Suppose that \(\epsilon >
0\) and is arbitrary.

Choose \(\delta = \frac{\epsilon}{8}\)

Suppose
\(\left \lvert x + 2 \right \rvert <
\delta\):

\[\left \lvert x + 2
\right \rvert < \frac{\epsilon}{8}\] \[\implies \left \lvert x + 2 \right \rvert <
\frac{\epsilon}{8} < \frac{\epsilon}{\left \lvert x - 2 \right
\rvert}\] \[\implies \left \lvert x +
2 \right \rvert < \frac{\epsilon}{\left \lvert x - 2 \right
\rvert}\] \[\implies \left \lvert x +
2 \right \rvert \left \lvert x - 2 \right \rvert < \epsilon\]
\[\implies \left \lvert x^2-4 \right \rvert
< \epsilon\] \[\implies \left
\lvert x^2 -1 -3 \right \rvert < \epsilon\] QED! While this
only shows that the limit converges when the \(x\) values that we’re evaluating at are
close enough to \(-2\), thus
consequently only working for \(\epsilon\) values that are somewhat small,
this should be somewhat okay because when we’re trying to show the value
of a limit, we only really care about the value around the point that
we’re trying to show convergence to. As long as we can show it for all
points that have a certain level of “closeness” to the value we’re
trying to show convergence to, the proof should be somewhat correct. For
a little bit more validity though, you should be able to take \(\delta\) to be the minimum of two different
values, one being the \(\frac{\epsilon}{8}\) formula that we used
here, and the other being a number sufficiently small enough to make the
equation true so that when we have large values of \(\epsilon\), the work that we do is still
valid.

The previous definition works well when we want to take the limit of
a function at a finite value, but we often want to evaluate the end
behavior of functions, or their limits at infinity or negative infinity.
This requires a slightly different technique, but is overall pretty
similar.
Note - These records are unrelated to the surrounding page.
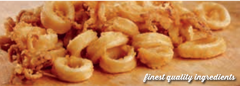
finest quality ingredients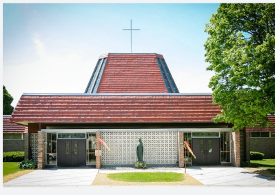
MPH EAST 2322 S. 106th Street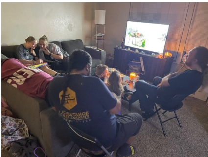
More Hurricane Party.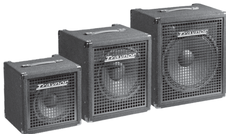
120W 1x10" Bass Combo Amp *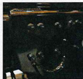
Huck bolted to chassis frames*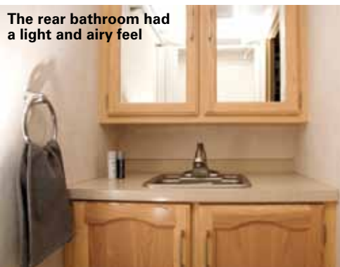
The rear bathroom had a light and airy feel

is open, light and breezy with a clean and comfortable character that talks of holidays anywhere while enjoying a fine meal or stretching out on the bed or lounge reading a good book.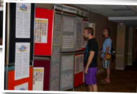
checking out past honorees...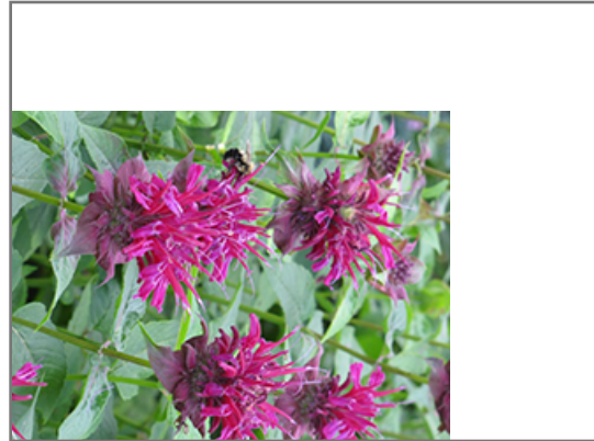
Raspberry Wine Beebalm flowers

Raspberry Wine Beebalm will grow to be about 30 inches tall at maturity, with a spread of 32 inches. When grown in masses or used as a bedding plant, individual plants should be spaced approximately 28 inches apart. It grows at a fast rate, and under ideal conditions can be expected to live for approximately 5 years. As an herbaceous perennial, this plant will usually die back to the crown each winter, and will regrow from the base each spring. Be careful not to disturb the crown in late winter when it may not be readily seen!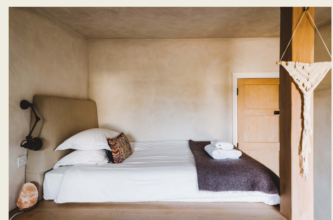
The Swallows Nest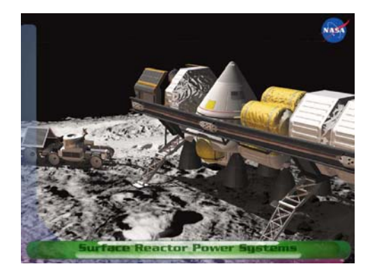
Figure 1. Lunar Nuclear Surface Power Concept

The primary energy issue arises when stay times in excess of 14 days are envisioned. For locations other than at the poles, the 14day long night poses challenges for an energy storage system connected to traditional solar arrays. Past studies have shown that a solar array/regenerative fuel cell system is exceptionally massive - weighing 5880 kg for a 20 kW (3.4 W/kg) system. (Kohout, 1989) On the other hand, dynamic conversion systems powered from thermal sources have been shown to be potentially lighter at about 100 W/kg. (Brandhorst, 2005) Thus there is a significant opportunity to develop new, larger free-piston Stirling convertor systems to meet future NASA needs. The options for lunar surface nuclear (fission) power systems continue to evolve. Placement of the fission power plant ranges from lander-based to locations remote from the lander. One option is shown in figure 1. (Cataldo, 2005) the power plant may be stationary or mobile. A stationary plant has lower mass and risk but requires precision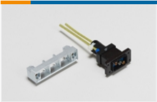
Other Rack & Panel Accessories(2)

on SVHC in articles for this part number is based on the latest European Chemicals Agency (ECHA) ‘Guidance on requirements for substances in articles’ posted at this URL: https://echa.europa.eu/guidance-documents/guidance-on-reach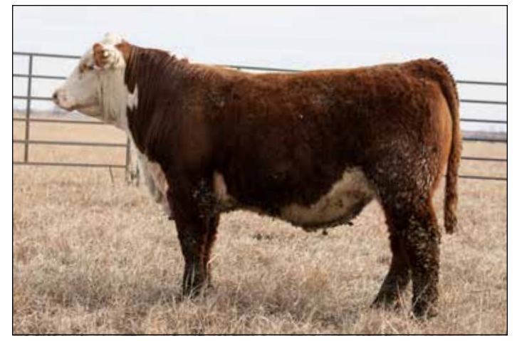
Lot 14: SH HUTTON L765 ET

The definition for a limit at infinity is as follows for the
limit \(\lim_{n\to \infty}f(n) = L\):
\[\forall \epsilon > 0 \quad \exists N
\quad \text{s.t.} \quad n > N \implies \left \lvert f(x) - L \right
\rvert < \epsilon\] What we’re saying directly with this
statement is that for every \(\epsilon\) greater than zero, there exists
a number (usually taken to be an integer), \(N\), such that for every \(n > N\), \(\left \lvert f(x) - L \right \rvert\) is
less than \(\epsilon\). Essentially
what we’re saying is that we can find a value such that all values
greater than that value when plugged into the function make it within
\(\epsilon\) of \(L\). We’re saying that we can make the
value of the function at \(x\) as close
as we want to \(L\), which means that
the limit exists at that point, and is \(L\). Now that we have the definition out of
the way, let’s look at an example, particularly the proof of the
following limit: \[\lim_{n \to
\infty}\frac{1}{n^2}=0\] So again, let’s start off with the
epsilon formula and try and manipulate it to look like the restriction
on the input, which in this case is just an inequality of the form \(n > \text{RHS}\): \[\left \lvert \frac{1}{n^2} - 0 \right \rvert <
\epsilon\] \[\implies \frac{1}{n^2} -
0 < \epsilon\] We can perform this specific step, because we
know that \(\frac{1}{n^2}\) is going to
be positive over all the real numbers. \[\implies 1 < \epsilon n^2\] \[\implies \frac{1}{\epsilon} < n^2\]
\[\implies \sqrt{\frac{1}{\epsilon}} <
n\] We have no found that we should chose \(N\) to be, in this case \(\sqrt{\frac{1}{\epsilon}}\). Now, let’s
right the actual proof:

Suppose that \(\epsilon > 0\) and is arbitrary:

Choose \(N =
\sqrt{\frac{1}{\epsilon}}\)

Suppose \(n > N\): \[n
> \sqrt{\frac{1}{\epsilon}}\] \[\implies n^2 > \frac{1}{\epsilon}\]
\[\implies n^2 \epsilon > 1\] \[\implies \epsilon > \frac{1}{n^2}\]
\[\implies \epsilon > \left \lvert
\frac{1}{n^2 - 0} \right \rvert\] QED! Notice again that the
process of writing the proof is just the exact opposite of the scratch
work that we had to do because instead we’re starting with the delta/n
assumption and then trying to end up with the epsilon formula.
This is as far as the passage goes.